Prompt:
Give back exactly the lines of the material below, starting with the line with "Fotel wykonany z" and going on through the line with "Y≥17時,扳手槽為15,Y<17時,扳手槽銑穿 ! W<E時,兩平面寬度W將擴展到直徑E的部位".

Entries shown:
● ● ● ● ● ● ●
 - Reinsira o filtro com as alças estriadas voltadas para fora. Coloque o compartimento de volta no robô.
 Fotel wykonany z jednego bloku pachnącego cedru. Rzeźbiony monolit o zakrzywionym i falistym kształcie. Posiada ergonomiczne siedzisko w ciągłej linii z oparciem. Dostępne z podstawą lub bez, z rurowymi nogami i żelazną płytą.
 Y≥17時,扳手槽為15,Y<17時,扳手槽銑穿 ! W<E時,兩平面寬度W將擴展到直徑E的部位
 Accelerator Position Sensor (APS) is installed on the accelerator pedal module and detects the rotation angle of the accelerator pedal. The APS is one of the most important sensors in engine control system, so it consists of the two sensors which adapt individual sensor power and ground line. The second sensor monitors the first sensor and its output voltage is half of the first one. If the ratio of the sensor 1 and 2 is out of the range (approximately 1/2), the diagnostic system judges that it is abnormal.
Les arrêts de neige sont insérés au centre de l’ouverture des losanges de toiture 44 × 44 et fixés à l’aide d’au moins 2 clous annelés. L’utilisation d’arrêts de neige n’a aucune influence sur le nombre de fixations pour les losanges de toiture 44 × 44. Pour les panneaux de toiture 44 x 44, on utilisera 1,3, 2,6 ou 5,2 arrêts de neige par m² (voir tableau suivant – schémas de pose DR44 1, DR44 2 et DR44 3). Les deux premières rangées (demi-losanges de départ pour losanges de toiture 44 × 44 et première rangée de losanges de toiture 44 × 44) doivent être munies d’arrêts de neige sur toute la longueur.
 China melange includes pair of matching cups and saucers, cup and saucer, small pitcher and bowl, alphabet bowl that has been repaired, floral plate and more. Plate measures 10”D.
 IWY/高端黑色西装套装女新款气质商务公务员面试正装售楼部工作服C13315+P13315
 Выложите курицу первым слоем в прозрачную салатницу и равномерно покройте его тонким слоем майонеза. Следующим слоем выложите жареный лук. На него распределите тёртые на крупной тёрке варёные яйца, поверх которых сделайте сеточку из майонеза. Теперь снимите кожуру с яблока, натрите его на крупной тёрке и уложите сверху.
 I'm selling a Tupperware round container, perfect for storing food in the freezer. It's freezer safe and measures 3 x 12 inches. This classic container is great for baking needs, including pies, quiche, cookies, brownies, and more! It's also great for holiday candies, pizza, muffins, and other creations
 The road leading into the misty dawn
● ● ● ● ● ● ●
Solution to the problem:
 Fotel wykonany z jednego bloku pachnącego cedru. Rzeźbiony monolit o zakrzywionym i falistym kształcie. Posiada ergonomiczne siedzisko w ciągłej linii z oparciem. Dostępne z podstawą lub bez, z rurowymi nogami i żelazną płytą.
 Y≥17時,扳手槽為15,Y<17時,扳手槽銑穿 ! W<E時,兩平面寬度W將擴展到直徑E的部位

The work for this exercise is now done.